Record set ->
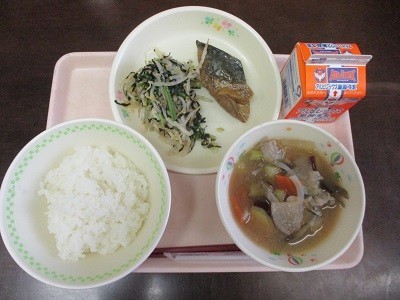 今日の給食は月1回の食育献立でした。献立は、ごはん、さばのカレー煮、のり酢和え、さつま汁、牛乳でした。さばのカレー煮は、カレーの風味が食欲をそそりました。さつま汁は、甘みのあるサツマイモやごぼう、鶏肉など様々な具材が入っており、栄養満点でした。のり酢和えもさっぱりとしていて、おいしかったです。
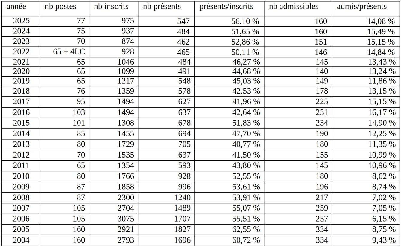 Le jury du concours met à disposition sur le site du ministère un rapport de jury pour chaque session, comportant les épreuves (écrits, TP, oraux) ainsi que les remarques du jury.
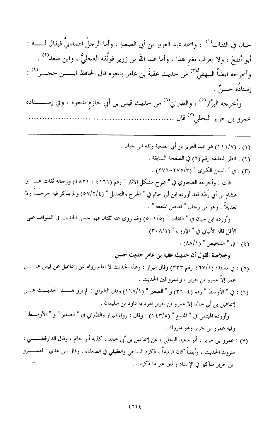 حبان في الثقات (¬1)، واسمه عبد العزيز بن أبي الصعبةِ، وأما الرجلُ الهمدانيُّ فيقال له: أبو أفلحَ، ولا يعرف بغير هذا، وأما عبد الله بن زرير فوثّقه العجليُّ، وابن سعد (¬2).
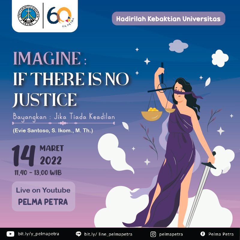 Kebaktian Universitas setiap hari Senin dengan tema "Imagine if there is no justice (bayangkan jika tiada keadilan)" diadakan pada tanggal 14 Maret 2022 jam 11.30 - 13.00 WIB. Dengan pengkhotbah Evie Santoso, S.Ikom., M.Th. Dilaksanakan secara daring melalui channel Youtube Pelma Petra.
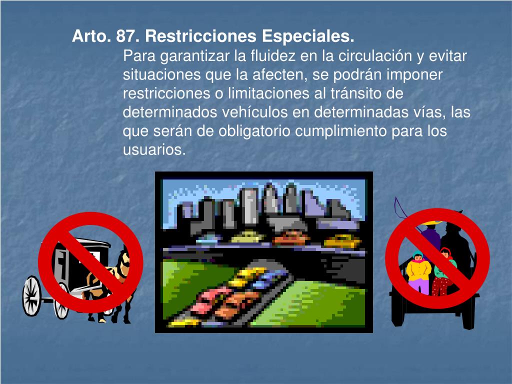 Arto. 87. Restricciones Especiales. Para garantizar la fluidez en la circulación y evitar situaciones que la afecten, se podrán imponer restricciones o limitaciones al tránsito de determinados vehículos en determinadas vías, las que serán de obligatorio cumplimiento para los usuarios.
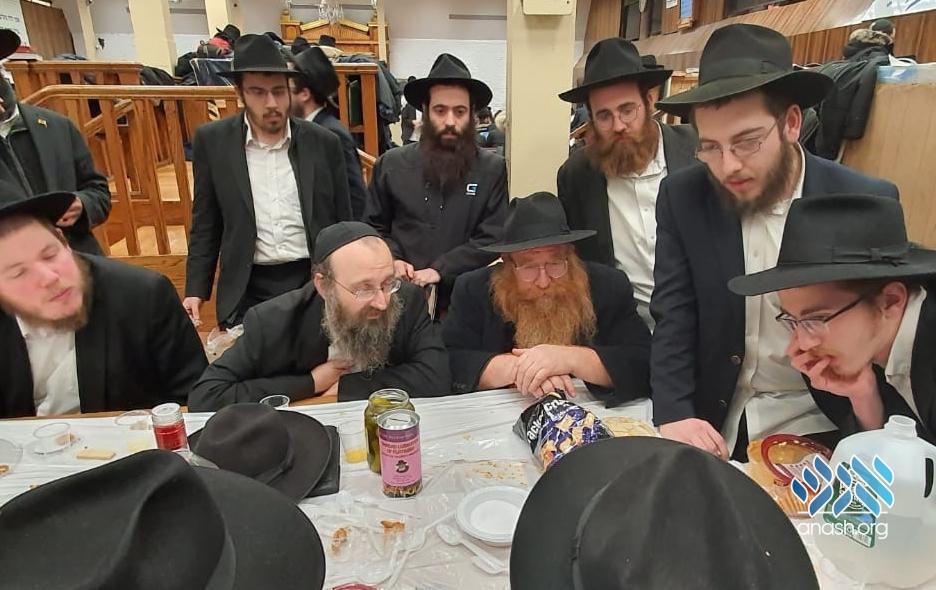 Rabbi Yosef Braun and Rabbi Zalman Liberow celebrated a “Chosson Mohl” with the students of Tomchei Temimim in 770, the night before the marriage of their children.
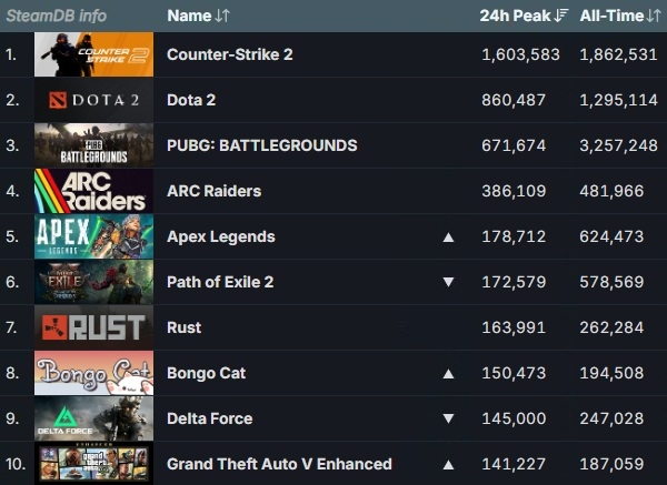 '봉고 캣'과 '그랜드 테프트 오토(GTA) 5' 인핸스드 버전이 이번주 새로이 톱10에 올랐다. 지난주 9위 '배틀필드 6(12만9124명, 21일 기준 최다 동시 접속자 수)'와 10위 '연운(11만6451명)'은 이번주 각각 12위, 16위를 기록했으며 11위는 'GTA 5' 레거시 버전(13만6992명)이 차지했다.
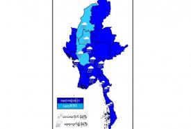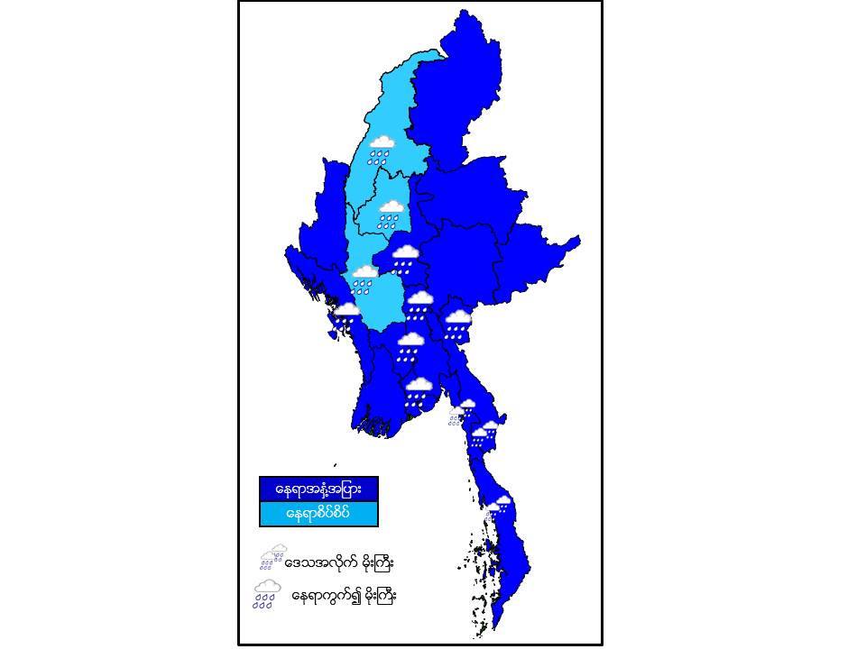 မနက်ဖြန်နံနက်အထိခန့်မှန်းချက်မှာ စစ်ကိုင်းတိုင်းဒေသကြီးနှင့် မကွေးတိုင်းဒေသကြီးတို့တွင် နေရာစိပ်စိပ်နှင့် ကျန်တိုင်းဒေသကြီးနှင့် ပြည်နယ် တို့တွင် နေရာအနှံ့အပြား မိုးထစ်ချုန်းရွာပြီး၊ တနင်္သာရီတိုင်းဒေသကြီး၊ ကရင်ပြည်နယ်နှင့် မွန်ပြည်နယ်တို့တွင် ဒေသအလိုက်နှင့် နေပြည်တော်၊ စစ်ကိုင်းတိုင်းဒေသကြီး၊ မန္တလေးတိုင်းဒေသကြီး၊ မကွေးတိုင်းဒေသကြီး၊ ပဲခူးတိုင်းဒေသကြီး၊ ရန်ကုန်တိုင်းဒေသကြီး၊ ရခိုင်ပြည်နယ်နှင့် ကယားပြည်နယ်တို့တွင် နေရာကွက်၍ မိုးကြီးနိုင်ပါသည်။ ရွာရန်ရာနှုန်းပြည့် ဖြစ်ပါသည်။

Work task ->
The line with "레거시 버전(13만6992명)이 차지했다." marks the end: restate word for word every line from the top of the data through that one, omitting pictures.

Written solution ->
 今日の給食は月1回の食育献立でした。献立は、ごはん、さばのカレー煮、のり酢和え、さつま汁、牛乳でした。さばのカレー煮は、カレーの風味が食欲をそそりました。さつま汁は、甘みのあるサツマイモやごぼう、鶏肉など様々な具材が入っており、栄養満点でした。のり酢和えもさっぱりとしていて、おいしかったです。
 Le jury du concours met à disposition sur le site du ministère un rapport de jury pour chaque session, comportant les épreuves (écrits, TP, oraux) ainsi que les remarques du jury.
 حبان في الثقات (¬1)، واسمه عبد العزيز بن أبي الصعبةِ، وأما الرجلُ الهمدانيُّ فيقال له: أبو أفلحَ، ولا يعرف بغير هذا، وأما عبد الله بن زرير فوثّقه العجليُّ، وابن سعد (¬2).
 Kebaktian Universitas setiap hari Senin dengan tema "Imagine if there is no justice (bayangkan jika tiada keadilan)" diadakan pada tanggal 14 Maret 2022 jam 11.30 - 13.00 WIB. Dengan pengkhotbah Evie Santoso, S.Ikom., M.Th. Dilaksanakan secara daring melalui channel Youtube Pelma Petra.
 Arto. 87. Restricciones Especiales. Para garantizar la fluidez en la circulación y evitar situaciones que la afecten, se podrán imponer restricciones o limitaciones al tránsito de determinados vehículos en determinadas vías, las que serán de obligatorio cumplimiento para los usuarios.
 Rabbi Yosef Braun and Rabbi Zalman Liberow celebrated a “Chosson Mohl” with the students of Tomchei Temimim in 770, the night before the marriage of their children.
 '봉고 캣'과 '그랜드 테프트 오토(GTA) 5' 인핸스드 버전이 이번주 새로이 톱10에 올랐다. 지난주 9위 '배틀필드 6(12만9124명, 21일 기준 최다 동시 접속자 수)'와 10위 '연운(11만6451명)'은 이번주 각각 12위, 16위를 기록했으며 11위는 'GTA 5' 레거시 버전(13만6992명)이 차지했다.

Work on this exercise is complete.